* _EXERCISE INSTRUCTIONS_:
What is needed is a faithful copy of all the entries, with no pictures in it.

* _MATERIAL FOR THIS EXERCISE_:

────────────────

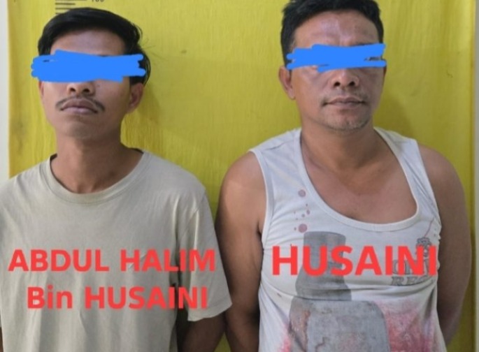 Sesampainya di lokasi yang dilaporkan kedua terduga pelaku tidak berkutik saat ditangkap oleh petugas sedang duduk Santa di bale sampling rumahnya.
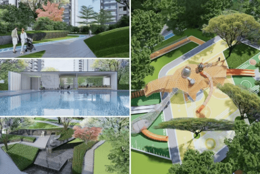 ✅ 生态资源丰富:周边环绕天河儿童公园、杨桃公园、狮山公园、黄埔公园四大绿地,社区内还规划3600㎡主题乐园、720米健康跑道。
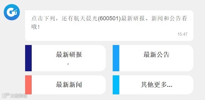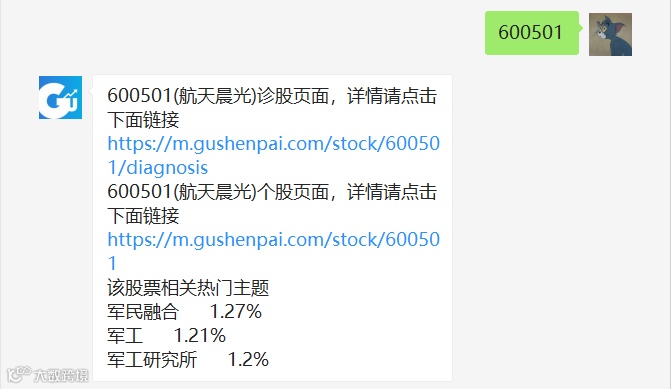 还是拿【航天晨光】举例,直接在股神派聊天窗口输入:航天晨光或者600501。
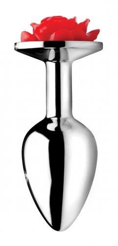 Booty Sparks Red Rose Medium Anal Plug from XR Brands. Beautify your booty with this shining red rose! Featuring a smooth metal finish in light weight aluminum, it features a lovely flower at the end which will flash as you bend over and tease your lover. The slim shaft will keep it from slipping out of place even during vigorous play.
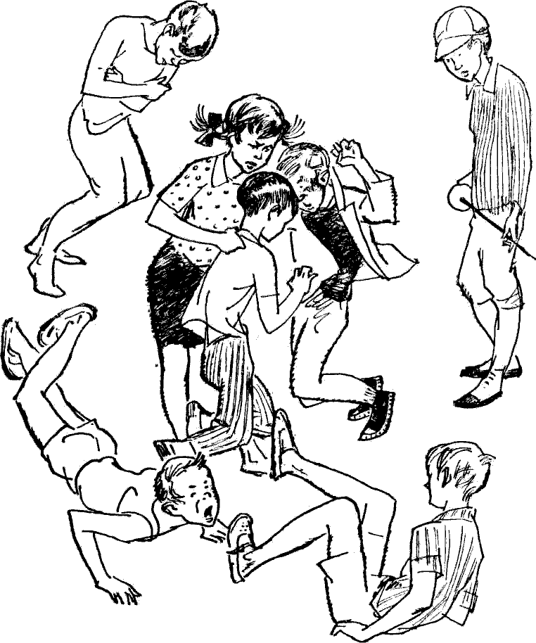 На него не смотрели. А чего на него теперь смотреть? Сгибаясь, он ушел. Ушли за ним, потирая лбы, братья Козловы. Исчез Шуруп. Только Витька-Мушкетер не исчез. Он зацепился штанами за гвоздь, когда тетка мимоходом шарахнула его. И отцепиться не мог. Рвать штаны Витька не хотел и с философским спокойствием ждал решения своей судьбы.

────────────────

* _WRITTEN SOLUTION_:
 Sesampainya di lokasi yang dilaporkan kedua terduga pelaku tidak berkutik saat ditangkap oleh petugas sedang duduk Santa di bale sampling rumahnya.
 ✅ 生态资源丰富:周边环绕天河儿童公园、杨桃公园、狮山公园、黄埔公园四大绿地,社区内还规划3600㎡主题乐园、720米健康跑道。
 还是拿【航天晨光】举例,直接在股神派聊天窗口输入:航天晨光或者600501。
 Booty Sparks Red Rose Medium Anal Plug from XR Brands. Beautify your booty with this shining red rose! Featuring a smooth metal finish in light weight aluminum, it features a lovely flower at the end which will flash as you bend over and tease your lover. The slim shaft will keep it from slipping out of place even during vigorous play.
 На него не смотрели. А чего на него теперь смотреть? Сгибаясь, он ушел. Ушли за ним, потирая лбы, братья Козловы. Исчез Шуруп. Только Витька-Мушкетер не исчез. Он зацепился штанами за гвоздь, когда тетка мимоходом шарахнула его. И отцепиться не мог. Рвать штаны Витька не хотел и с философским спокойствием ждал решения своей судьбы.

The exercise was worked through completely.